David struggled to push the bike through the throng of workers as they poured down the pavement towards the Underground. He veered left onto a small patch of grass and plonked himself down on a bench with the bike at his side.
“Let’s sit here for a few minutes,” he said, “till the crowd has gone. Lucky things!”
They watched as the non-followers went by, on their way to proper homes with proper families, and Magnifico-free lives.
“It’s obvious he can’t help it,” said David eventually. “He just twitches more and more each time they do it. Why can’t they see that?”
“Perhaps they do see it, but if they accept that he’s ill they’ll have to hand him over to the good doctors,” said Dorothy quietly.
They both digested this thought.
“We’ve just got to get out of here!” exclaimed David.
“I can’t stand it any longer. Why do we just keep going on about running away instead of actually doing it?”
“Where can we go? The infiltrators are everywhere. We’d only get caught and brought back, and then things would be worse.” Dorothy shivered. “They might even send us to the disposal cells.”
“There must something we can do. We’ve just got to plan it properly.”

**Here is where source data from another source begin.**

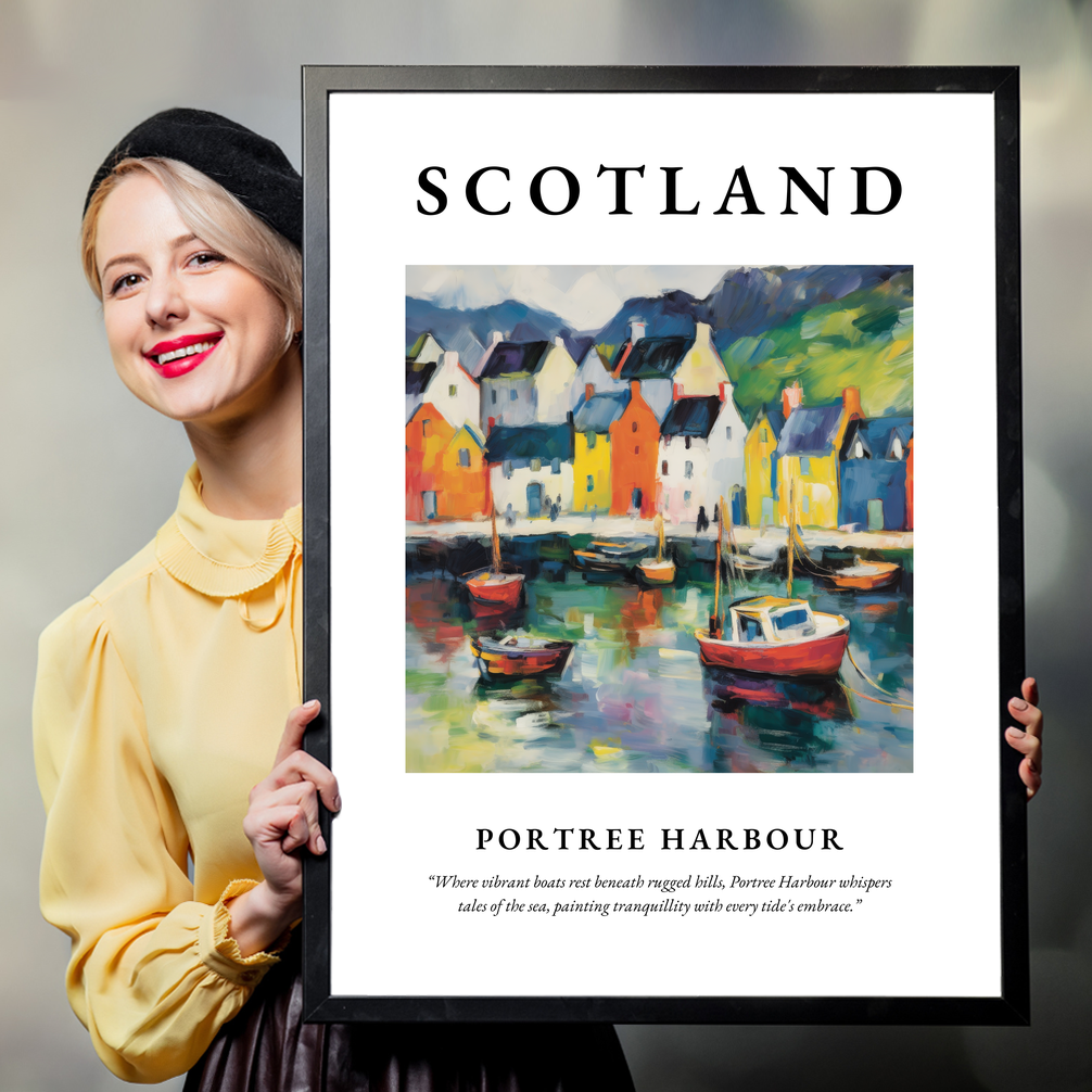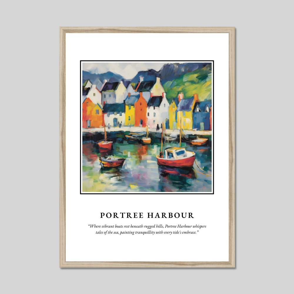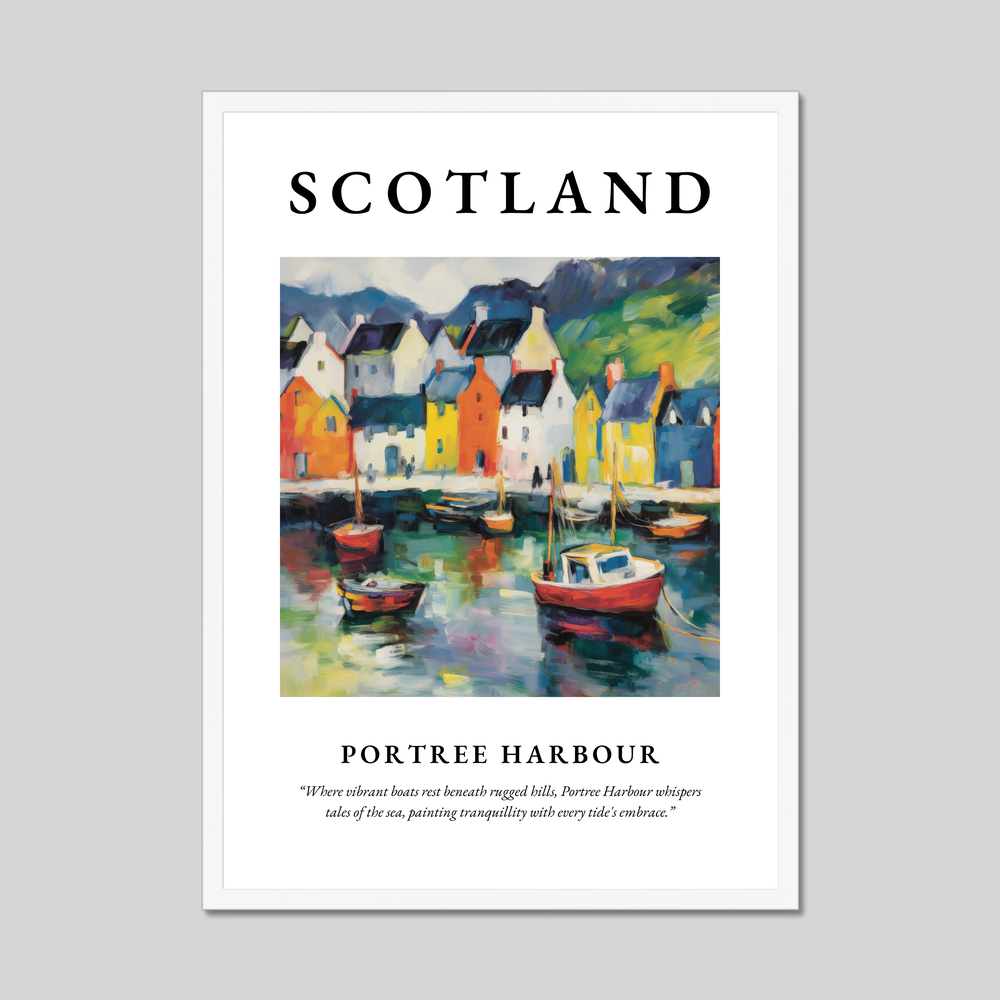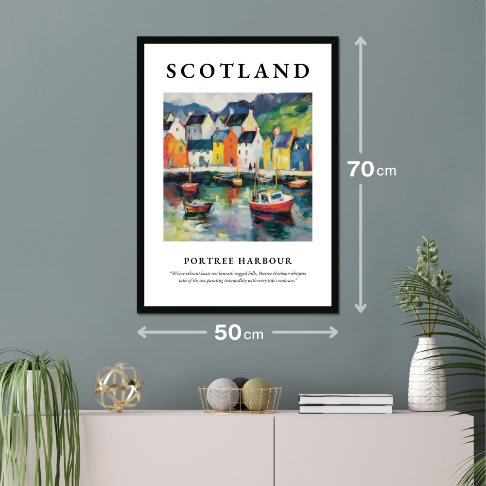Experience the charm and vibrancy of Scotland right on your wall with our captivating framed poster print, measuring an impressive 50cm x 70cm. Featuring the enchanting portrayal of Portree Harbour, this piece brings the spirit of the Scottish landscape into your home. Available in black, white, or natural wood-effect frames, it effortlessly complements any decor.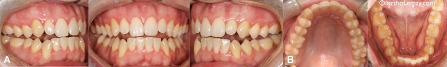 - (B) Nous élaborons un plan de traitement qui vise à obtenir les meilleurs résultats esthétiques et fonctionnels possibles tout en tentant de répondre aux attentes des patients. Ces objectifs de traitement ne sont jamais la “perfection” mais constituent l’ “idéal” pour un patient spécifique et cet idéal variera d’un patient à l’autre selon les caractéristiques de sa dentition et sa malocclusion et des moyens que le patient est prêt à prendre pour corriger son problème.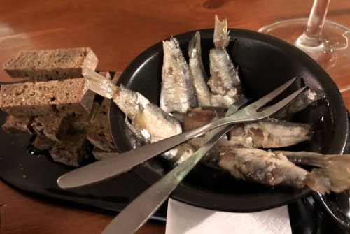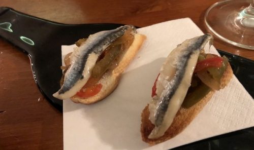 Then we chose a bottle off the list. It was from the Azores, and it was excellent. We had it with some small snacks: anchovies and sardines. This was a happy place.

“Well, I still think our original idea was best,” said Dorothy slowly. “Me to disappear first, find a job, and get a message back to you when it’s safe to come.”
She knew David wanted them both to go at the same time, but they had to be practical. They were more likely to be caught if they were together, and at least she looked nearly old enough to get a job – or so she hoped. The problem would be how to get the message back to him when she had found somewhere safe to live.
“I was trying to talk to Lucy Copse today,” she said, “because if I go first we’ll need an outside friend to get a message through. We can’t trust anyone in the commune now. They’ve just started training some kid to be an infiltrator, which means whoever it is will practise by spying on the rest of us.”
David groaned. “How do you know?”
Dorothy glanced over her shoulder, not that anyone could have overheard above the traffic noise. “The aunts were talking about it last night,” she whispered, “when I was hiding in the linen cupboard. For all we know there might be others being trained too, so we’ve got to be really careful. Lucy can’t spy on us from Father Copse’s house and we might be able to trust her. We’ll have to try and get to know her better.”
They sat in silence for some time, both minds running through a mental list of possible trainee infiltrators. The traffic was still at a standstill, but the crowd on the pavement had dwindled slightly and was now bulging out of the entrance to the tube station. “Come on,” said Dorothy standing up. They walked slowly up the hill, comfortable to be with each other, and in no hurry to reach the commune.